Entries taken from a collection
BEGIN
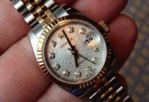 According to the experts from watchshopping.com, if you love mixing silver and gold jewelry pieces, this certified pre-owned watch has stainless steel, 18K yellow gold band that will provide you with that elegant touch. The face of the watch has a yellow gold fluted bezel, and the champagne dial will also tell you the date.
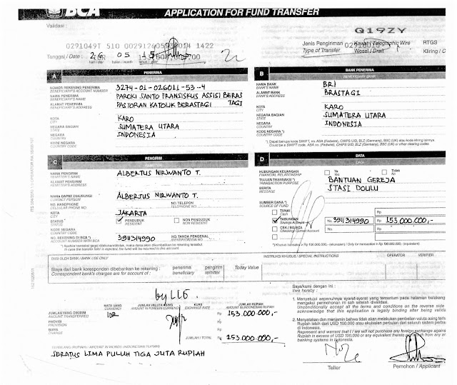 Bukti Transfer Dana Bantuan untuk Paroki Berastagi sebesar Rp 153.000.000,00 |
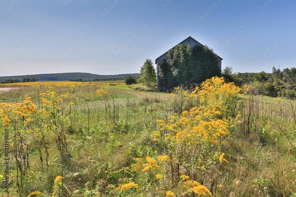 Picturesque landscape featuring a goldenrod field with an old rural structure. Western Maryland.
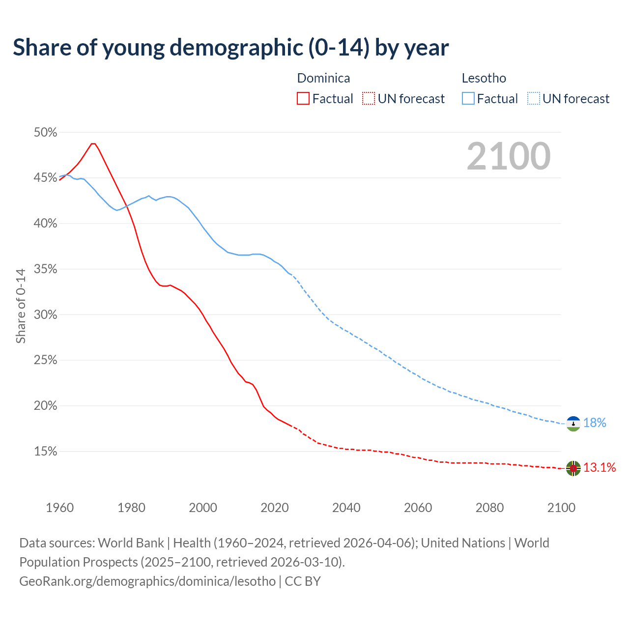 - The share of young demographic (0-15 years old) in Dominica is 17.9% vs 34.5% in Lesotho.
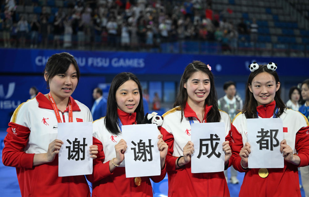 ↑2023年8月7日,在成都大運會游泳比賽現場,中國女子4x100米混合泳接力隊手持“謝謝成都”標語合影。新華社記者張龍攝
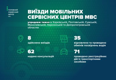 Упродовж тижня мобільні сервісні центри МВС здійснили виїзди до віддалених громад Харківської, Полтавської та Сумської областей, де надали громадянам понад 80 адміністративних послуг.
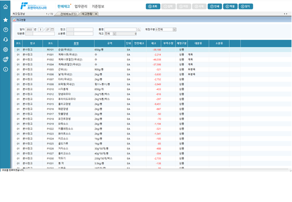 재고현황 / 상세수불현황 / 이월재고입력 /
END
Repeat exactly the lines from the one containing "Упродовж тижня мобільні" through the last line of the records above, both included, and leave out the pictures.

 Упродовж тижня мобільні сервісні центри МВС здійснили виїзди до віддалених громад Харківської, Полтавської та Сумської областей, де надали громадянам понад 80 адміністративних послуг.
 재고현황 / 상세수불현황 / 이월재고입력 /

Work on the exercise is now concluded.